Album: Taking Back Sunday – Happiness Is
By Ruby Hoffman
Released 18th March, 2014
Hopeless Records
7.5/10
Taking Back Sunday returns with Happiness Is, the band’s follow-up to 2011’s self-titled album. As well as being their first album released on an indie record label (Hopeless) since 2004’s Where You Want To Be, this album appears to get back the emo pop punk roots that made them famous. While this similarity of sounds will certainly make long time fans happy, the album doesn’t give the impression that Taking Back Sunday has simply resorted to this formulaic approach. In fact, it feels somewhat like a homecoming, as track ‘Stood a Chance’ suggests with the lyric ‘you’re going forward looking back’.

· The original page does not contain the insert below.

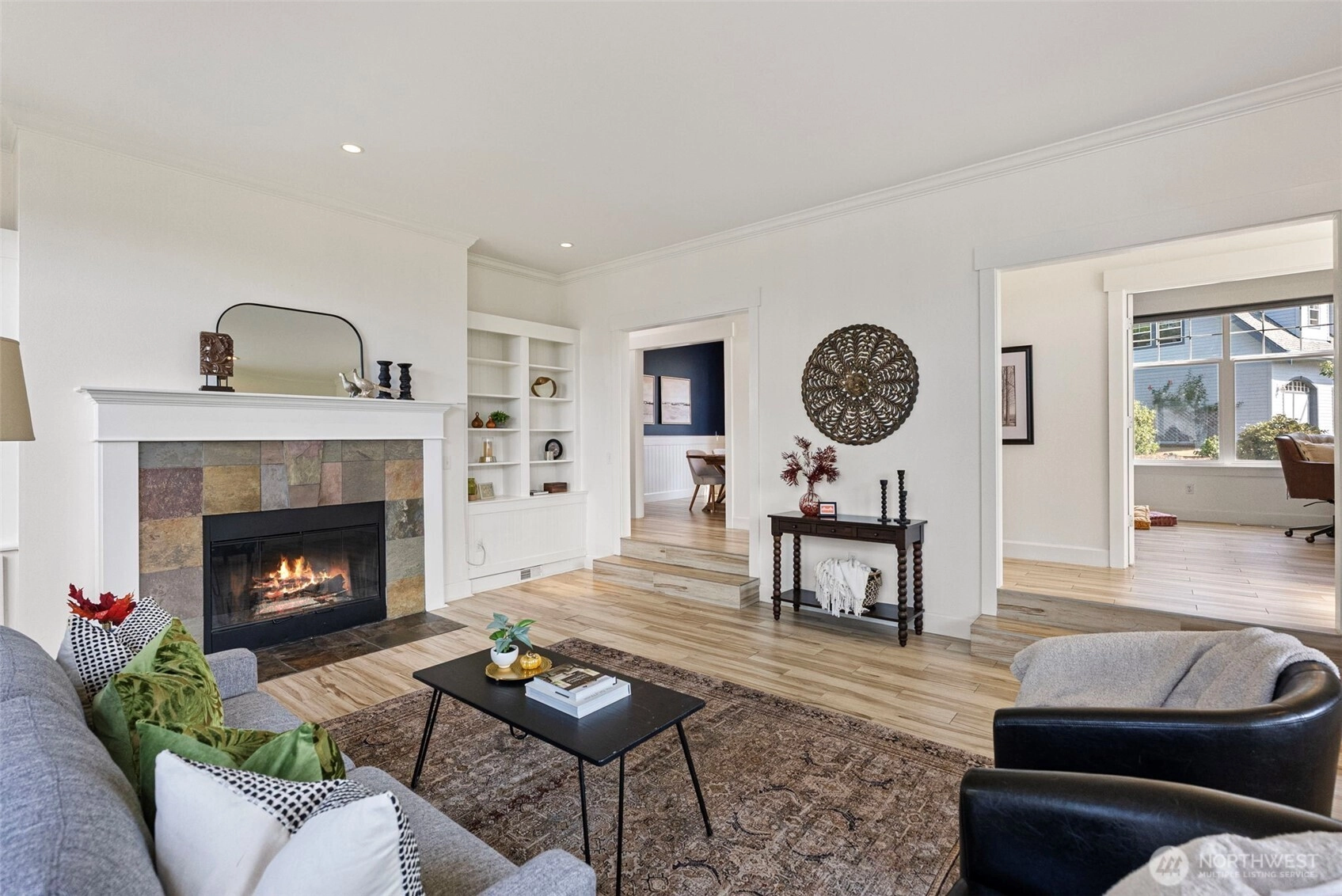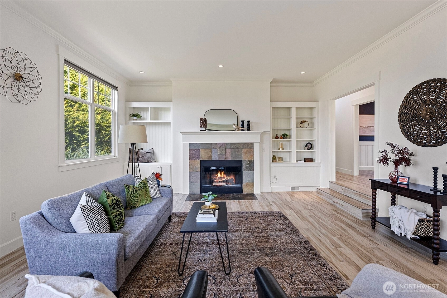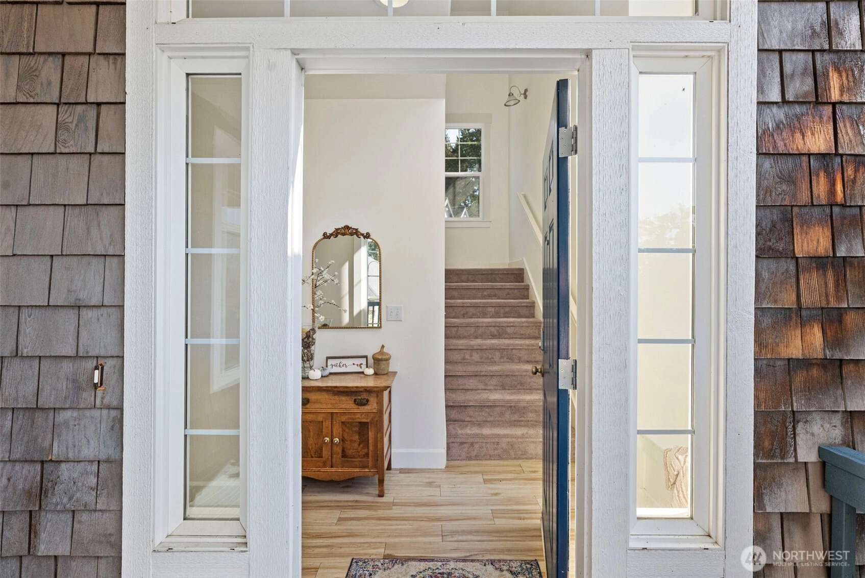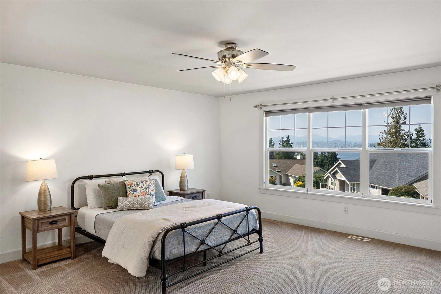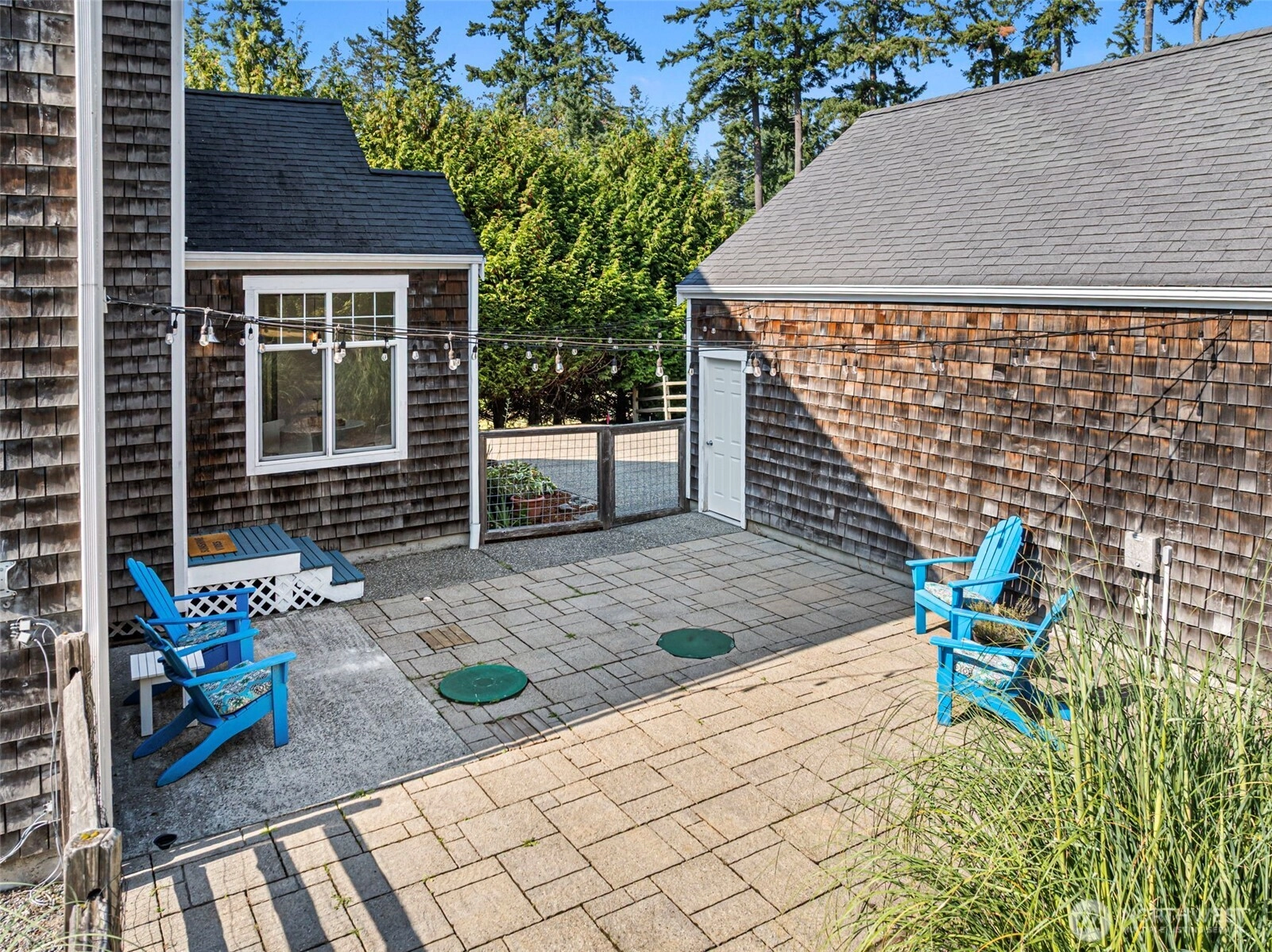 Breathe in the salt air & watch ferries from the porch of your timeless Cape Cod retreat! Overlooking both the mountains & Sound, this home blends comfort & charm. Light-filled interiors showcase expansive windows, soaring 9–11' ceilings & tile floors. Gather in the sunken living rm w/water views, built-ins & cozy propane FP. Stylish shaker cabinets, granite counters & breakfast nook overlooking the courtyard, backyard & detached garage. Dedicated dining rm, den, storage & half bth complete the main. Upstairs a spacious primary suite: sparkling views of the Sound, 2 walk-in closets & spa-like bath w/jetted tub, double sinks & separate toilet rm. Step outside to take advantage of community beach rights just beyond your door!

While Adam Lazzara clearly hasn’t lost his propensity for angst-ridden lyrics, he almost seems to mock this stereotype in ‘They Don’t Have Any Friends’ when he sings “I keep my head down and hope for a hit / open the flood gates for all those smug little kids / it’s not their fault / they don’t have any friends / they can’t help themselves / undressing themselves / alone in their room / thinking that no one will ever love them”. The album focuses on Lazzara’s attempt to cope with broken relationships and unfulfillment despite his success (‘I can’t believe how strange it is to be alive right now”). Granted, lyrics such as “I’ll take you anywhere you want to go’ from ‘Beat Up Car’ aren’t exactly the most inventive or original in the book, and lot of the songs don’t seem that dissimilar from one another (one other complaint- there is genuinely no reason to have included instrumental introduction ‘Preface’, which encompasses about thirty seconds of forgettable noise). However, Lazzara’s unmistakable voice and the collusion of instrumentals from all the original members of the band show that the method Taking Back Sunday has is still working, and the reminiscence the listener gets of past songs and albums is reassuring- they’ve still got it.